Each record below gets repeated exactly, and pictures stay out of the copy.

Data —
= = =
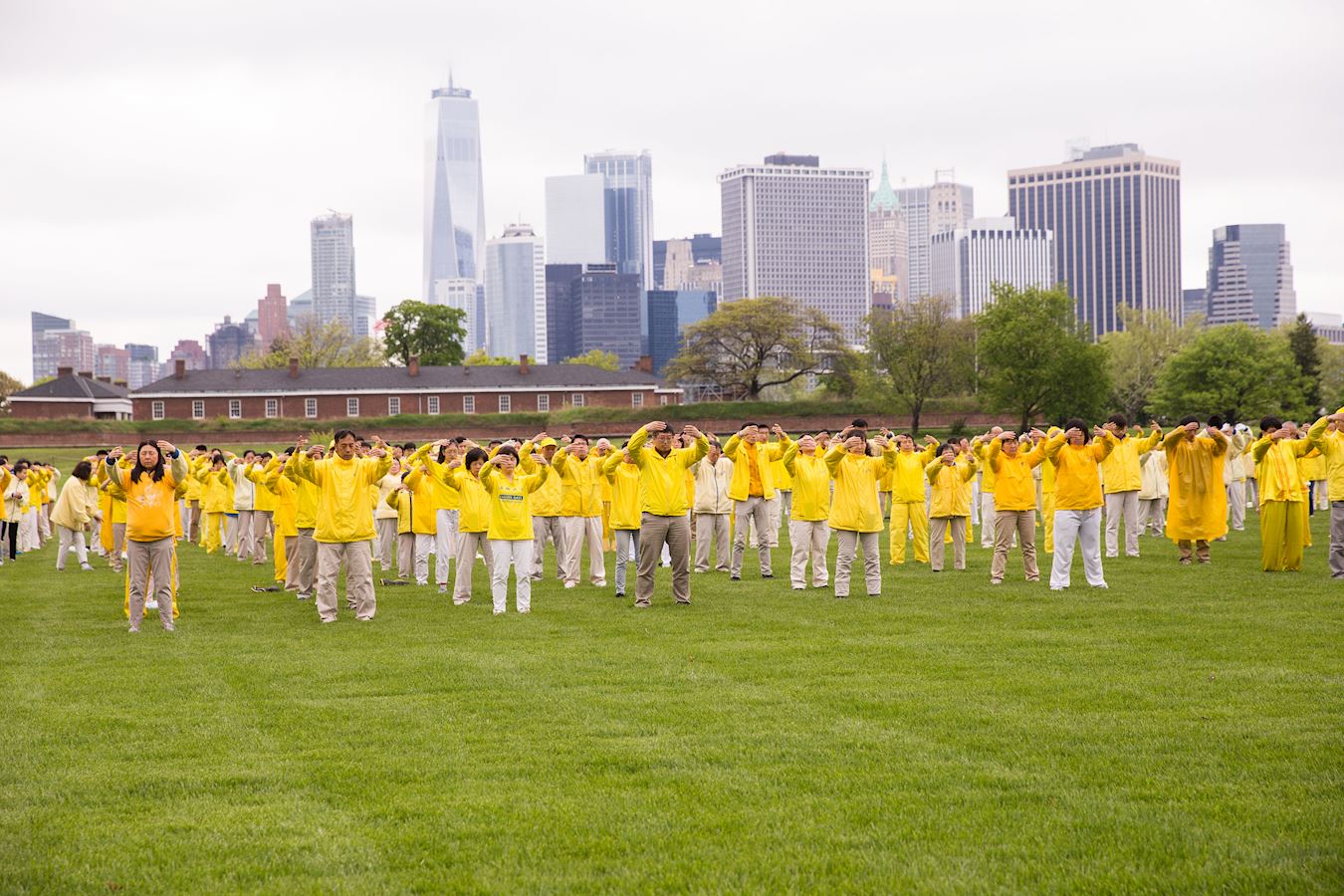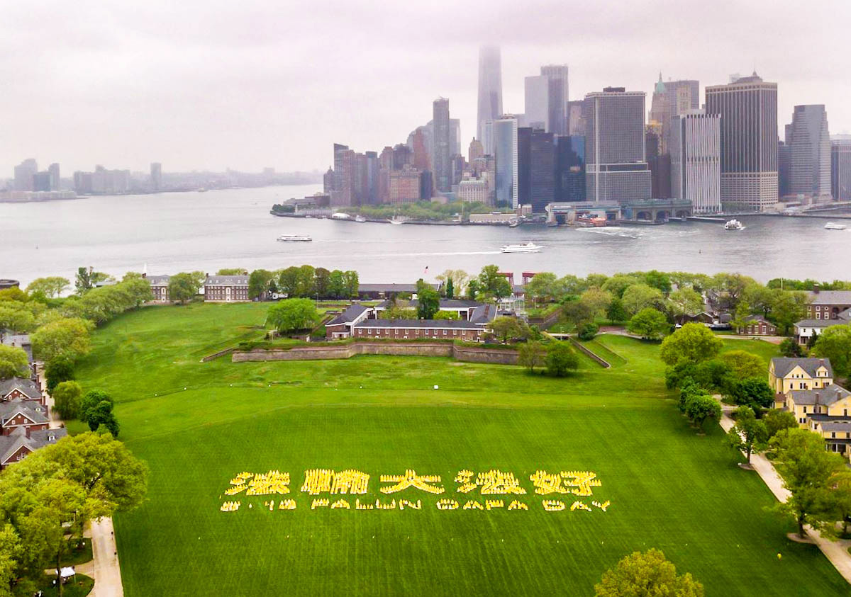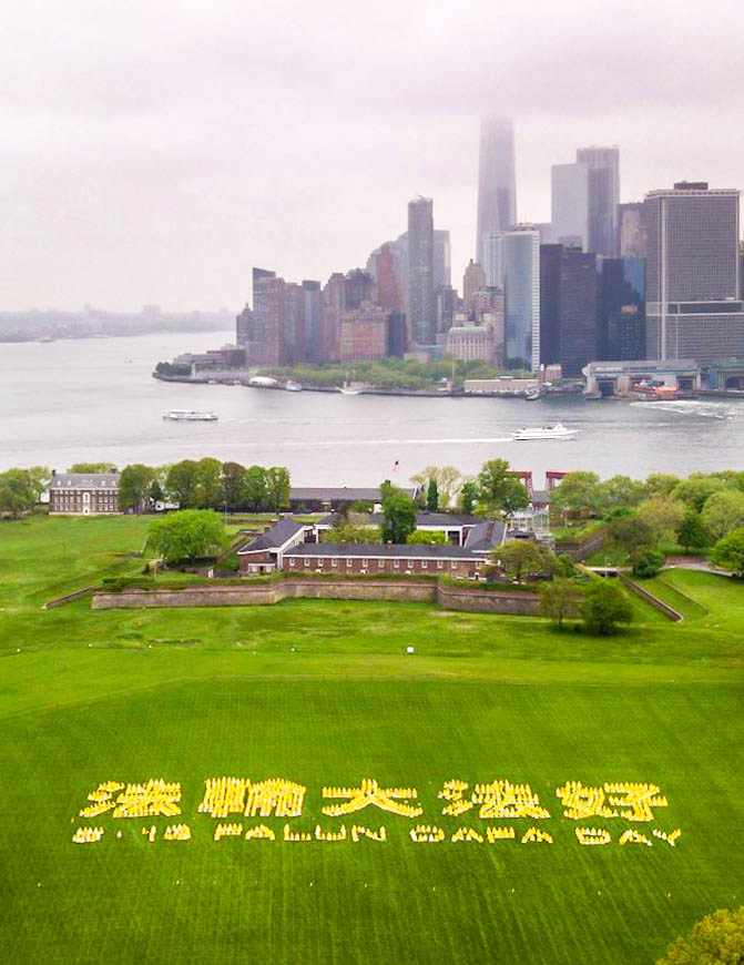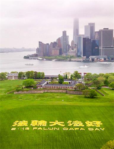当日,在总督岛生机勃勃的碧绿草坪上,五个金色中文大字“法轮大法好”和金色的英文“5.13 法轮大法日”(5.13 FALUN DAFA DAY),映衬着不远处曼哈顿朦胧的高楼大厦。一幅天然而成的美丽画作,象征着法轮大法将带给曼哈顿及全世界焕然一新的生机。
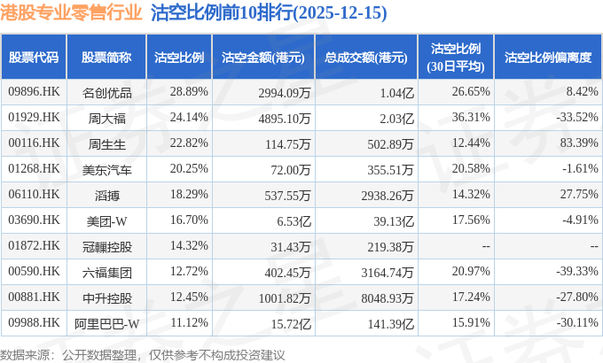 从沽空比例来看,名创优品、周大福、周生生沽空比例位居行业前三,分别为28.89%、24.14%、22.82%。
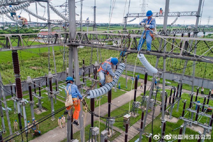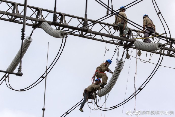 8月4日,泰州供電公司工作人員在220千伏黃橋變電站更換絕緣子串。為確保黃橋古鎮(zhèn)工農業(yè)生產可靠用電,8月4日-5日,該公司組織150人分成10個小組進行黃橋大會戰(zhàn),對220千伏黃橋變電站全站1號主變、2號主變采取零時至夜里12時隔日輪停方式進行停電檢修升級改造。 ????
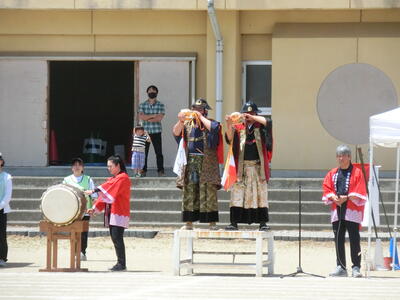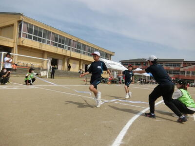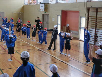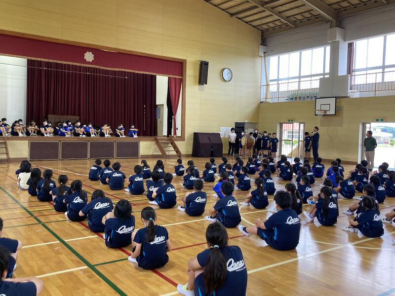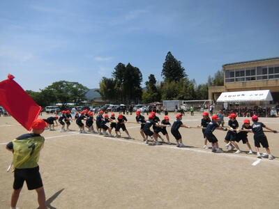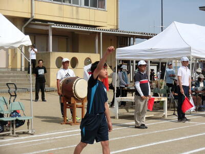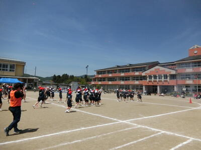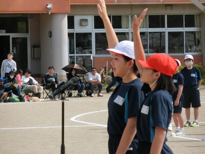 5年生が中心となって応援団を作り、応援団の掛け声に合わせて全校生でエールを送りました。
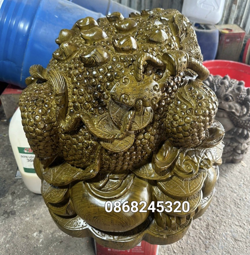 ✨Cóc ngậm đồng tiền phong thủy bằng gỗ mun đuôi công kt 47×47×40cm
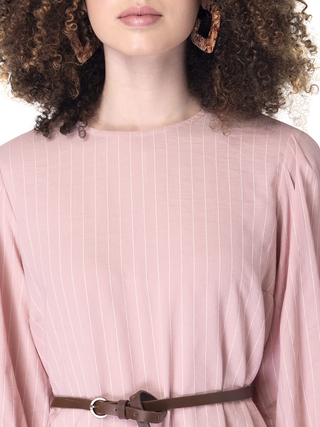 Basic but better, add this peach dress to your work closet. Tailored in a timeless striped print, it has a tiered hem and comes with a faux tan leather belt that accentuates the waist.
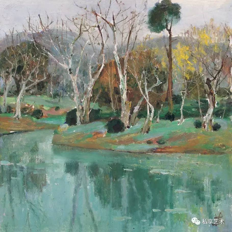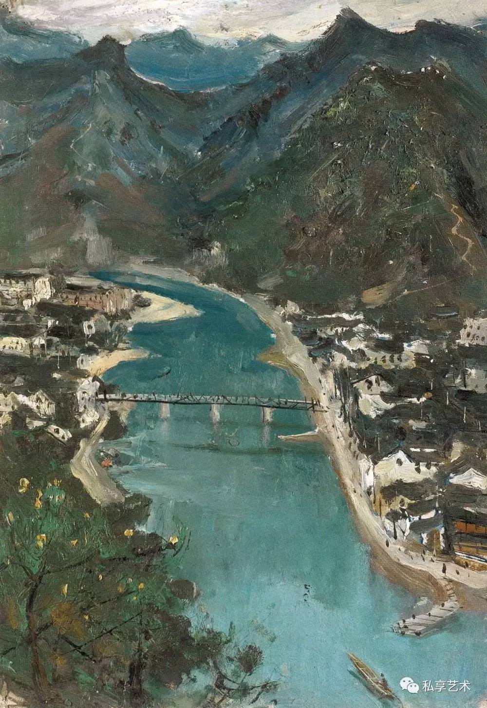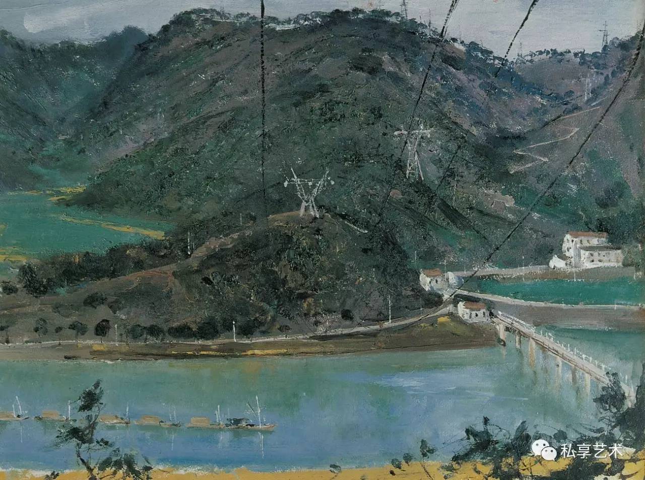 苏天赐 新安江畔 48×38cm 木板油画 1979年
= = =
Result —
当日,在总督岛生机勃勃的碧绿草坪上,五个金色中文大字“法轮大法好”和金色的英文“5.13 法轮大法日”(5.13 FALUN DAFA DAY),映衬着不远处曼哈顿朦胧的高楼大厦。一幅天然而成的美丽画作,象征着法轮大法将带给曼哈顿及全世界焕然一新的生机。
 从沽空比例来看,名创优品、周大福、周生生沽空比例位居行业前三,分别为28.89%、24.14%、22.82%。
 8月4日,泰州供電公司工作人員在220千伏黃橋變電站更換絕緣子串。為確保黃橋古鎮(zhèn)工農業(yè)生產可靠用電,8月4日-5日,該公司組織150人分成10個小組進行黃橋大會戰(zhàn),對220千伏黃橋變電站全站1號主變、2號主變采取零時至夜里12時隔日輪停方式進行停電檢修升級改造。 ????
 5年生が中心となって応援団を作り、応援団の掛け声に合わせて全校生でエールを送りました。
 ✨Cóc ngậm đồng tiền phong thủy bằng gỗ mun đuôi công kt 47×47×40cm
 Basic but better, add this peach dress to your work closet. Tailored in a timeless striped print, it has a tiered hem and comes with a faux tan leather belt that accentuates the waist.
 苏天赐 新安江畔 48×38cm 木板油画 1979年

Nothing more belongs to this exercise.